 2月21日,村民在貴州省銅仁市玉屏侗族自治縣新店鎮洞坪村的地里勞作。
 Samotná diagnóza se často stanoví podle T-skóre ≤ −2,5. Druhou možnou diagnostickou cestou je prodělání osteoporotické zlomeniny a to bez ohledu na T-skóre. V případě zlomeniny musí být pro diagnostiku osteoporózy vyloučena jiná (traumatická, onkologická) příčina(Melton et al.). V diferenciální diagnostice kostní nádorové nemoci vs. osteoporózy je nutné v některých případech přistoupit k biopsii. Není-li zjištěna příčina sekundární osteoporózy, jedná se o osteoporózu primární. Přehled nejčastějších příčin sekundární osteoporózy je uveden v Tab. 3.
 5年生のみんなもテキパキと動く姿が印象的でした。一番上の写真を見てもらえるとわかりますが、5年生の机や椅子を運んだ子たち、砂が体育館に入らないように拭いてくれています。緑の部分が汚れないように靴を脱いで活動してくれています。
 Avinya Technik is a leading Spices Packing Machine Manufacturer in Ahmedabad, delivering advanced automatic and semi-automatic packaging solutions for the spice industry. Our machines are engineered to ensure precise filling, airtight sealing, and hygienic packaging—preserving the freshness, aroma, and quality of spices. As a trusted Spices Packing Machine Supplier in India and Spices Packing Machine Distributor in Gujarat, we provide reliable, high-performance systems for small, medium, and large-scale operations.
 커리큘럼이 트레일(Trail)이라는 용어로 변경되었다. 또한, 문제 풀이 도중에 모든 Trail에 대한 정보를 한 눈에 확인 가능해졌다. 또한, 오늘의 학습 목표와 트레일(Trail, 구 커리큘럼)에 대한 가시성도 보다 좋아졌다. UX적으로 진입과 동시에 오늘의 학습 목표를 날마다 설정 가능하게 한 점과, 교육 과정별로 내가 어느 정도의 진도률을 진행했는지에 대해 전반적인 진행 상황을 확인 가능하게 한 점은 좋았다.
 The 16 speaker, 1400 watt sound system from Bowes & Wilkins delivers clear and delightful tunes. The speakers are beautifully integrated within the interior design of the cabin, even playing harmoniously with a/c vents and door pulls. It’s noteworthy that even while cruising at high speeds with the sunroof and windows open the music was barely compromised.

════════

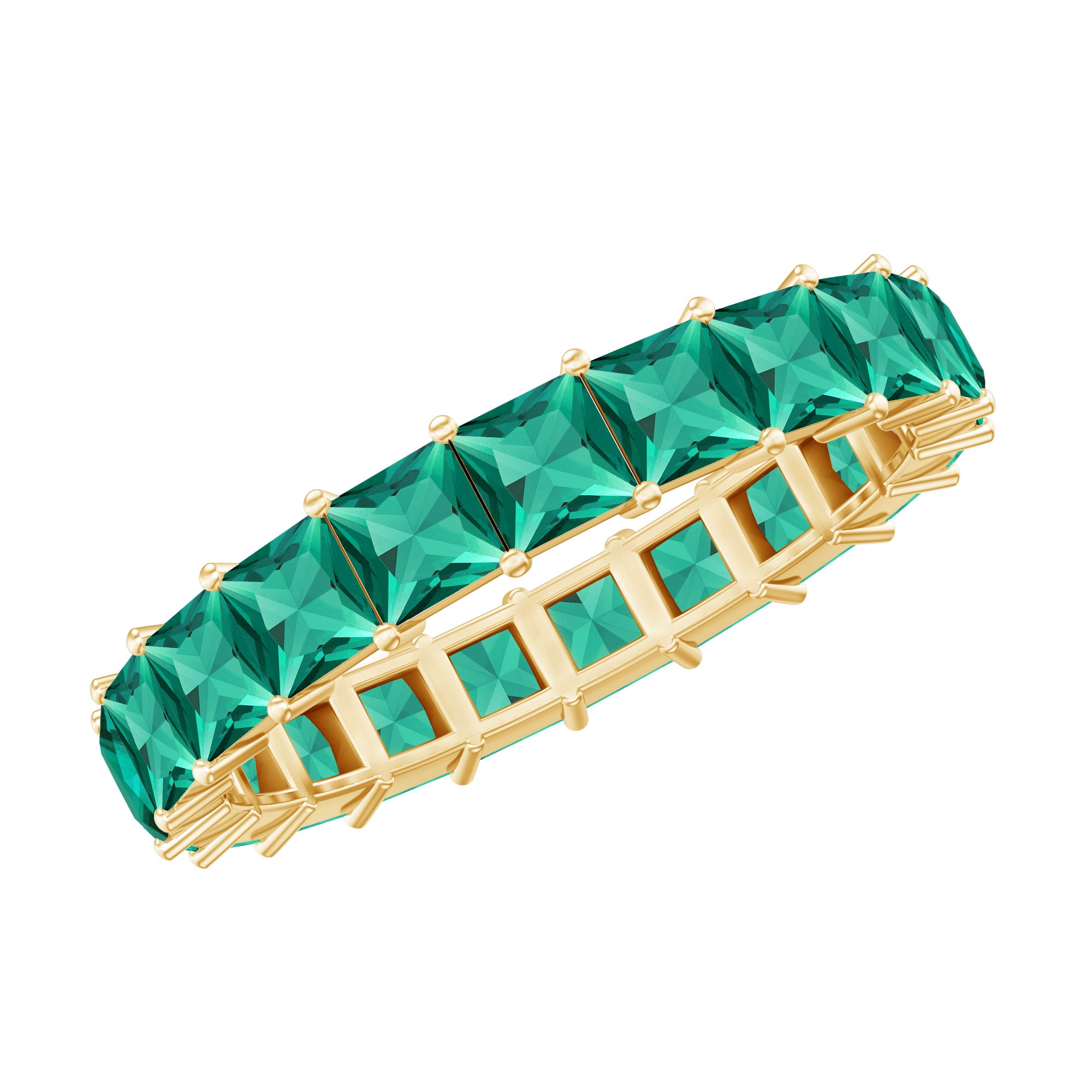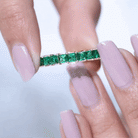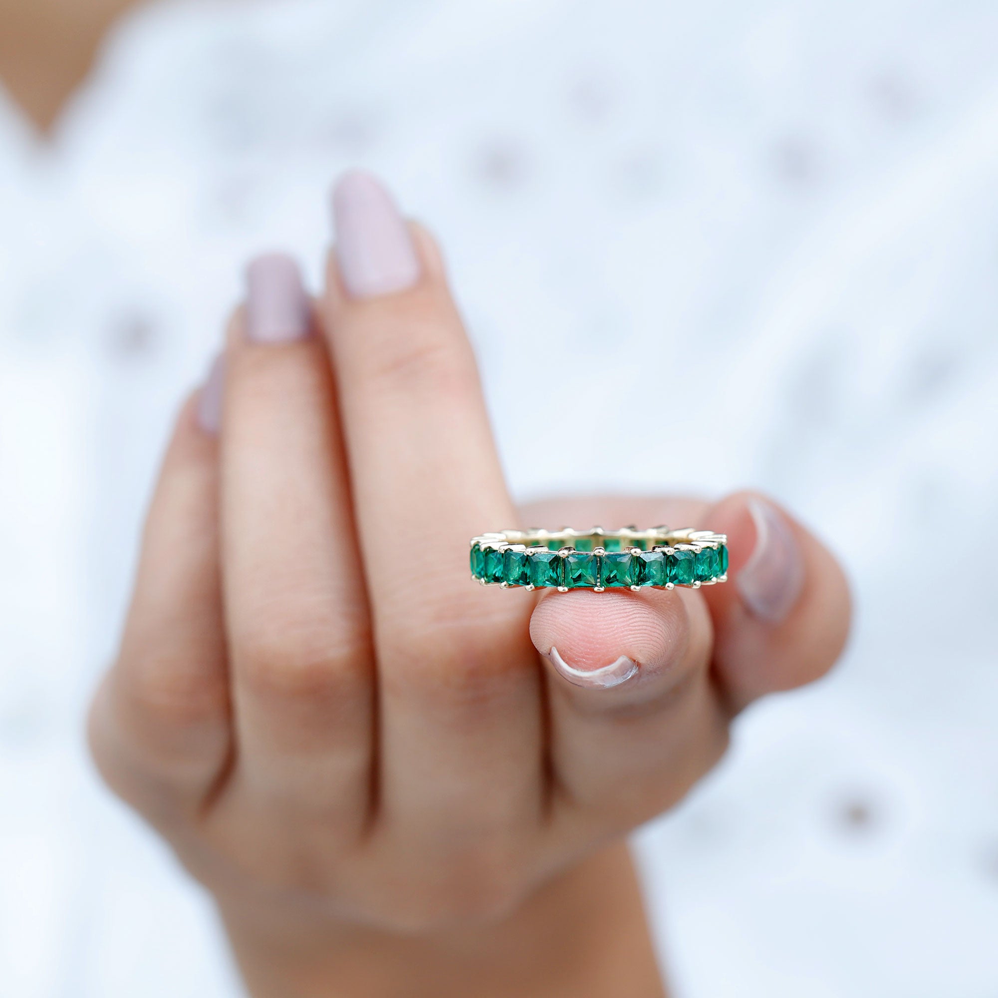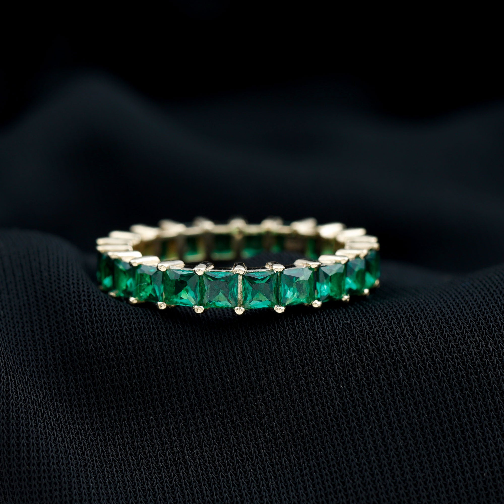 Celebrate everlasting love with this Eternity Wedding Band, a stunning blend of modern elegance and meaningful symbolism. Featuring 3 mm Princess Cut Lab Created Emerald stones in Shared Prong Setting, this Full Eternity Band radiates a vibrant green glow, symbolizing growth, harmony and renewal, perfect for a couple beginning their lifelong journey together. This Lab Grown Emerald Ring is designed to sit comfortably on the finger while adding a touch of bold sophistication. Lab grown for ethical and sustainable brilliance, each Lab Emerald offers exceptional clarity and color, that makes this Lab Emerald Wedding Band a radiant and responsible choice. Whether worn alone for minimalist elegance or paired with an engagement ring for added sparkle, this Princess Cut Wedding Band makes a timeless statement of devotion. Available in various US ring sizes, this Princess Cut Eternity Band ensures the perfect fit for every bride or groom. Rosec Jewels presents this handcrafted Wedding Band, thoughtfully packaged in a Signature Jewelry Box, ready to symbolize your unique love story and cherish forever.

════════

Exercise details:
Keep both end lines and retype everything in the records above from the line containing "커리큘럼이 트레일(Trail)이라는 용어로" through the line containing "The 16 speaker, 1400", exactly, with nothing else.

Task solution:
 커리큘럼이 트레일(Trail)이라는 용어로 변경되었다. 또한, 문제 풀이 도중에 모든 Trail에 대한 정보를 한 눈에 확인 가능해졌다. 또한, 오늘의 학습 목표와 트레일(Trail, 구 커리큘럼)에 대한 가시성도 보다 좋아졌다. UX적으로 진입과 동시에 오늘의 학습 목표를 날마다 설정 가능하게 한 점과, 교육 과정별로 내가 어느 정도의 진도률을 진행했는지에 대해 전반적인 진행 상황을 확인 가능하게 한 점은 좋았다.
 The 16 speaker, 1400 watt sound system from Bowes & Wilkins delivers clear and delightful tunes. The speakers are beautifully integrated within the interior design of the cabin, even playing harmoniously with a/c vents and door pulls. It’s noteworthy that even while cruising at high speeds with the sunroof and windows open the music was barely compromised.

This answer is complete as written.